Патент на изобретение №2236466

(54) СПОСОБ ПОДБОРА КРИОПРОТЕКТОРОВ ДЛЯ КРИОКОНСЕРВАЦИИ БИОЛОГИЧЕСКИХ ОБРАЗЦОВ (ВАРИАНТЫ)

(57) Реферат:

Изобретение относится к области криобиологии. Предложенный способ подбора криопротекторов предусматривает внесение исследуемых криопротекторов в среду для криоконсервации, содержащую биосенсор, замораживание 5 мин и оттаивание 30 мин. В качестве биосенсора используют рекомбинантный штамм В5356 Е.coli, хранящийся в ВКПМ, несущий плазмиду, содержащую Lux-оперон. В другом варианте, в среду для криоконсервации дополнительно добавляют модификатор – аскорбиновую кислоту, в концентрации 10 мкг/мл. Оценку протекторного эффекта определяют по изменению люминесценции опытных проб по сравнению с контрольными пробами. Предложенные способы позволяют существенно ускорить метод оценки потенциальных криопротекторов. Способы могут быть использованы в технологии криоконсервации биологических образцов. 2 н.п. ф-лы, 5 ил.

Изобретение относится к криобиологии и может быть использовано в технологии криоконсервации биологических образцов, например, спермы ценных видов промысловых рыб (осетровые, лососевые).

Низкотемпературные криобанки спермы рыб являются одним из наиболее эффективных способов сохранения необходимого числа редких и исчезающих видов. Однако, поскольку глубокая заморозка – оттаивание это довольно сложные биотехнологические процессы, их эффективная работа зависит от множества технологических факторов, в том числе качества сред для криоконсервации.

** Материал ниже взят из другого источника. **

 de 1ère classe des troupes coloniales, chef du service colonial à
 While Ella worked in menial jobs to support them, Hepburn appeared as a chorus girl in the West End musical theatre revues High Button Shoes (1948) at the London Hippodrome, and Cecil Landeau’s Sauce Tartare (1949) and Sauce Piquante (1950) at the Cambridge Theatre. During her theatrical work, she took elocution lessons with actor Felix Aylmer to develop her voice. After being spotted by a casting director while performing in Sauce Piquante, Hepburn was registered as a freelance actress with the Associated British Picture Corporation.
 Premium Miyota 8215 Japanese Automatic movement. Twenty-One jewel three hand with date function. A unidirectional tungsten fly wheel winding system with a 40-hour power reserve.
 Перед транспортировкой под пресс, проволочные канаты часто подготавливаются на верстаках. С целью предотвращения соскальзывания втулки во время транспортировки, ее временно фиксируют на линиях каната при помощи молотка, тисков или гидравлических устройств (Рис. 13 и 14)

Известен способ определения качества криопротекторов (ДМСО, ДЭСО) методом проникающих катионов тетрафенилфосфония. В результате глубокого замораживания бактерий Е.соli мембранный потенциал резко уменьшается (с 198 до 85 мВ). Инкубация бактерий в среде, содержащей диметилсульфоксид и диэтилсульфоксид в качестве криопротекторов, приводит к уменьшению значений потенциала на 16 и 27 мВ соответственно. Таким образом, диэтилсульфоксид является более эффективным криопротектором по сравнению с диметилсульфоксидом /1/.

ДМСО – это классический криопротектор, который широко применяется, в частности, при работе со спермой осетровых рыб /2/. Однако в высоких концентрациях это вещество становится токсичным. По этой причине, при увеличении концентрации ДМСО до 20-25% его защитное действие снижается. Для компенсации токсического действия и повышения его защитных свойств известно использование гликопротеина. В систему для заморозки, содержащую 1М и 3М растворы ДМСО, вносили раствор гликопротеина (концентрация 20 мг/мл), из трески (Gadus morhya), обитающей в Белом море. Количество эмбрионов, развившихся до стадии компактной морулы, составило 65% /3/.

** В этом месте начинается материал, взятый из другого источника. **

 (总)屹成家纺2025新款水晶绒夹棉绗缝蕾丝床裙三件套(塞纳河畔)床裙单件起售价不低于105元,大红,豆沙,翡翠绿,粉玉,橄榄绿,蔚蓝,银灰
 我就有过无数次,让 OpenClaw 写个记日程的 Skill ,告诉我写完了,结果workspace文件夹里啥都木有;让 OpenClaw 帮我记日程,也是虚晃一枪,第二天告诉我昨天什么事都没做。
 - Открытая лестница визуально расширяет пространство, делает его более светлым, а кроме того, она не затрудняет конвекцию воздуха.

Наиболее близким по технической сущности и достигаемому эффекту к способу по п.1 формулы изобретения является использование биосенсора на основе светящихся рекомбинантных клеток E.coli, несущих ген люциферазы светляков, иммобилизированных в криогеле поливинилового спирта. Данный биосенсор использован для подбора криопротекоров, используемых для иммобилизации в криогеле лабильных макромолекул /4/.

К способу по п.2, кроме вышеизложенного, наиболее близким является способ замораживания спермы баранов, сущность его в том, что в качестве криозащитных веществ в среду для заморозки добавляли синтетические жирорастворимые антиоксиданты (ИХФГАН – 1, ИХФГАН – 2, ИХФГАН – 3), синтезированные в институте химической физики РАН. Результаты осеменения спермой, замороженной с антиоксидантом, показали, что при однократном осеменении овец объягнилось на 9% больше, чем при осеменении спермой без антиоксиданта /5/.

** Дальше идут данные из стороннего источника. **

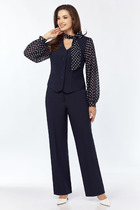 Комплект женский, 2х предметный, состоящий из футболки и брюк. Футболка прямого силуэта с коротким втачным рукавом. Вырез горловины круглой формы. По переду горизонтальный подрез. Верхняя часть задекорирована вышивкой. На спинке акцент в виде нашивки с элементом декоративной тесьмы. Брюки прямые, по низу с отворотом. По переду карманы и частичные защипы в области колена. Пояс притачной с резинкой по кругу и отделочной тесьмой спереди.
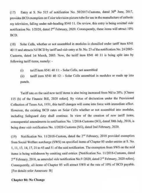 近日印度下發(fā)文件稱:從2020年2月2日開始,對進(jìn)口的太陽能電池征收20%的普遍性關(guān)稅,包括未封裝的、封裝的(制造嵌入組件中的)太陽能電池。
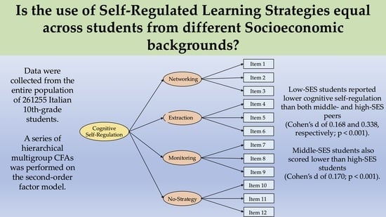 Background: Self-regulated learning (SRL) is a key factor in academic success, with self-regulated cognitive strategies (SRCSs) playing a central role. Identifying the factors linked to low use of SRCSs is therefore essential. Socioeconomic status (SES), a well-established predictor of multiple educational outcomes, may also influence students’ engagement in SRCSs, yet very few studies have explored this issue. Grounded in the SRL framework, this study examines differences in SRCSs use across SES groups. Methods: We analyzed data from the entire population of 10th-grade Italian students (N = 261,255). To ensure that the questionnaire functions equivalently across groups and control for measurement bias and error, Multigroup Confirmatory Factor Analysis was conducted to verify the measurement invariance of the Cognitive Self-Regulation Scale across three SES groups (low, middle, and high), followed by latent mean difference tests. Results: Low-SES students reported markedly lower CSRS use than high-SES peers and also lower use than middle-SES peers. Middle-SES students reported lower use of CSRS than high-SES students. Conclusions: These findings show a clear and consistent impact of SES on the use of SRCSs, potentially contributing to persistent academic disparities, and emphasize the need for interventions to support disadvantaged students, thereby helping to break the cycle of inequality.
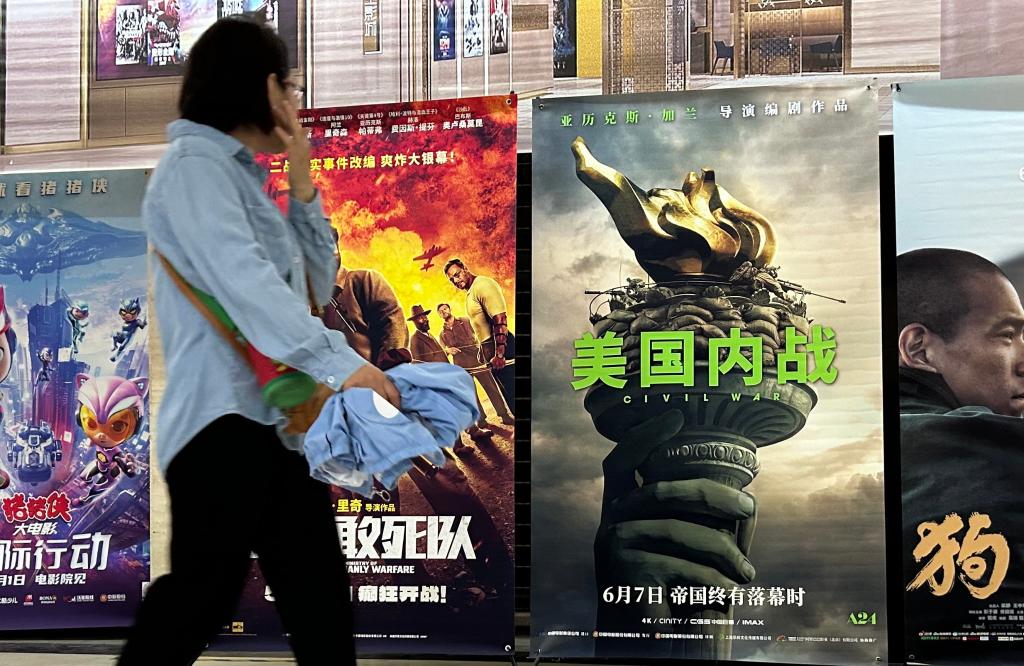 This photo taken with a mobile phone shows a woman walking past a poster of the U.S. movie "Civil War" at a cinema in Beijing, capital of China, June 7, 2024. (Xinhua/Shen Anni)
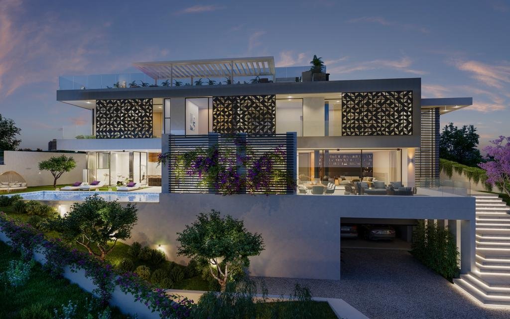 Open living spaces and large floor plans provide the true feel of a contemporary lifestyle characteristic by an awe-inspiring end-to-end panorama on the main level, and stunning interior elements that feature high ceilings and advanced amenities: high-tech kitchen, gym with shower, Jacuzzi, spa, maid's rooms, a lift to all levels, spacious garages, beautiful balconies, a sunken seating area, and lush poolside landscaping.

Целью настоящего изобретения является создание экспресс-метода для оценки качества потенциальных криопротекторов и повышение их криопротекторного эффекта с использованием в качестве тест-объекта светящихся бактерий.

Эта цель достигается путем использования в качестве биосенсора рекомбинантного штамма В 5356 Е.Coli, несущего плазмиду, содержащую Lux-оперон, который помещают в среду для криоконсервации, содержащую анализируемый криопротектор, при плотности суспензии 10⁶-10⁷ кл/мл, экспозиции замораживания – 5 мин, экспозиции оттаивания – 30 мин, а силу протекторного эффекта определяют и по изменению люминесценции опытных проб по сравнению с контрольными. В другом варианте в качестве биосенсора используют рекомбинантный штамм В 5356 Е.Coli, несущий плазмиду, содержащую Lux-оперон, а в качестве модификатора в среду для криоконсервации, содержащую анализируемый криопротектор, добавляют аскорбиновую кислоту в концентрации 10 мкг/мл, при этом плотность суспензии составляет 10⁶-10⁷ кл/мл, экспозиция замораживания – 5 мин, экспозиция оттаивания – 30 мин, а силу протекторного эффекта определяют по изменению люминесценции опытных проб по сравнению с контрольными.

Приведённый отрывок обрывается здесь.